• Your goal:
When the line with "Multi-layer architecture for" turns up below, begin repeating exactly, and carry on through the line with "Даф, строительная компания"; no pictures go into the copy.
____ Task inputs
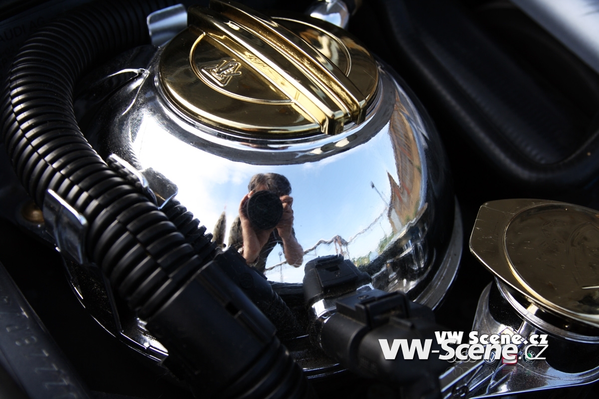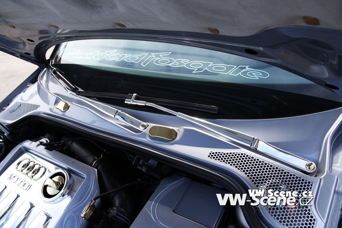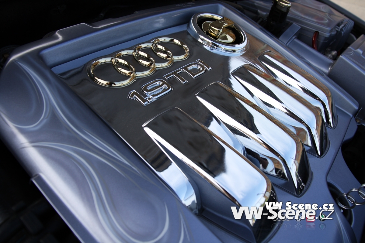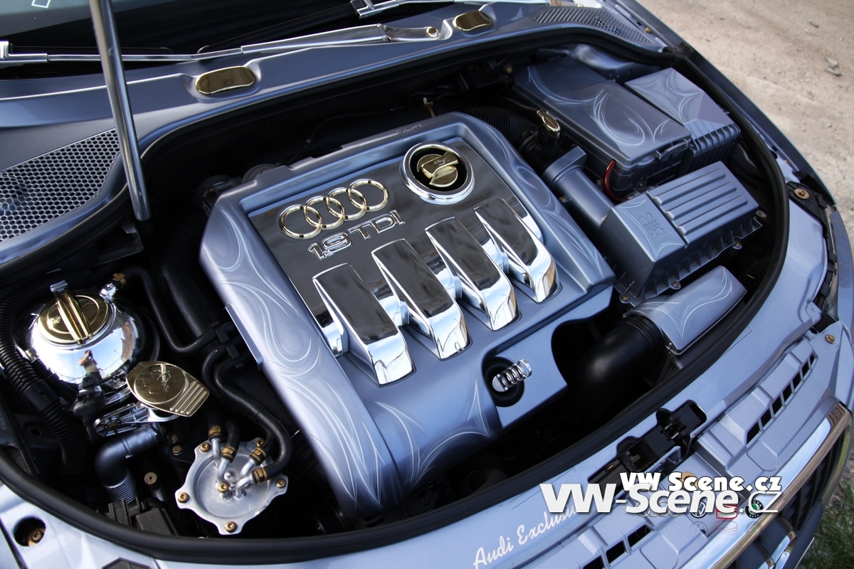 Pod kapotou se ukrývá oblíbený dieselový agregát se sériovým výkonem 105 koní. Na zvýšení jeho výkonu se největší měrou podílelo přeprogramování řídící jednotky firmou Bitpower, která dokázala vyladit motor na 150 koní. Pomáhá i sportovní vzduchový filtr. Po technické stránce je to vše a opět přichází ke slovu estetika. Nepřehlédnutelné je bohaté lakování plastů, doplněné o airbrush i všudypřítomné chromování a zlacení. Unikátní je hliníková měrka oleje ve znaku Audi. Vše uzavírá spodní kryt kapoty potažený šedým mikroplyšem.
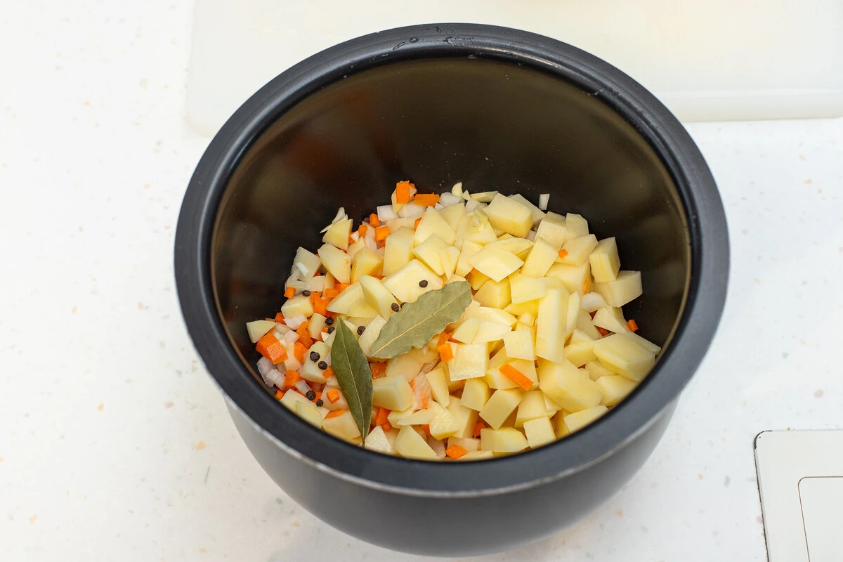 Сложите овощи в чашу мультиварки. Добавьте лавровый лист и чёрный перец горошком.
________
____ Task inputs
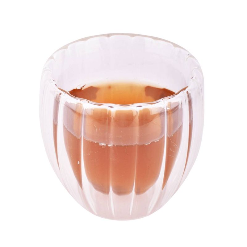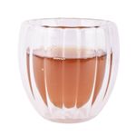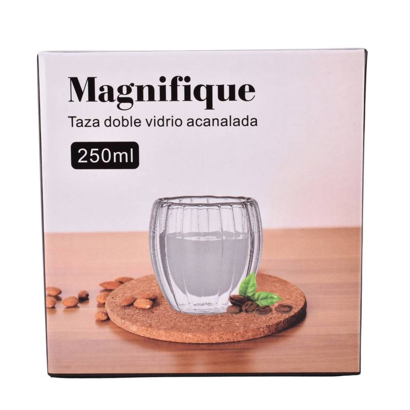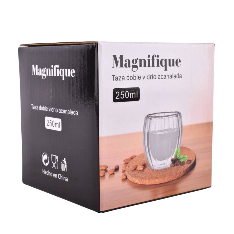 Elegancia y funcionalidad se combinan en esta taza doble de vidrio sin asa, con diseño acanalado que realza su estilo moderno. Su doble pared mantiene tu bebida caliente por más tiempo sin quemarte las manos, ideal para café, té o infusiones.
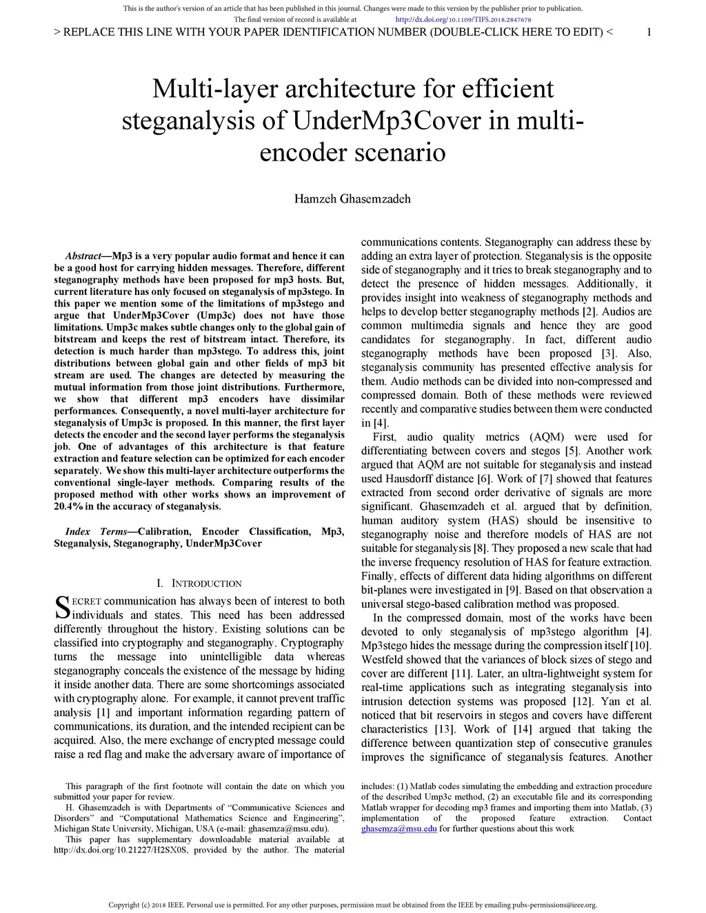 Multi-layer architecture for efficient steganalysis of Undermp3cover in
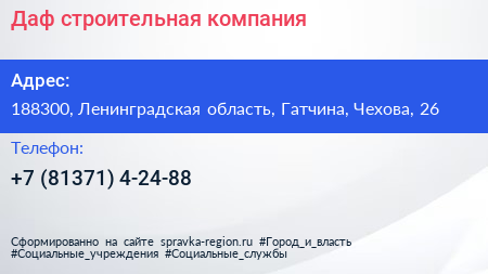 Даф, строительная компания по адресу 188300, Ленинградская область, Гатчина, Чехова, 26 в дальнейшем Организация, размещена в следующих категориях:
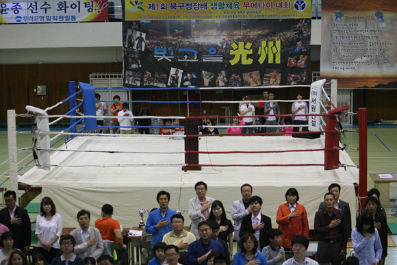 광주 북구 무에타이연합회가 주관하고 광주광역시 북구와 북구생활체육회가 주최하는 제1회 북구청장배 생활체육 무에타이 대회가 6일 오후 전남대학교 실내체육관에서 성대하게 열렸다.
________
• Solution to this exercise:
 Multi-layer architecture for efficient steganalysis of Undermp3cover in
 Даф, строительная компания по адресу 188300, Ленинградская область, Гатчина, Чехова, 26 в дальнейшем Организация, размещена в следующих категориях:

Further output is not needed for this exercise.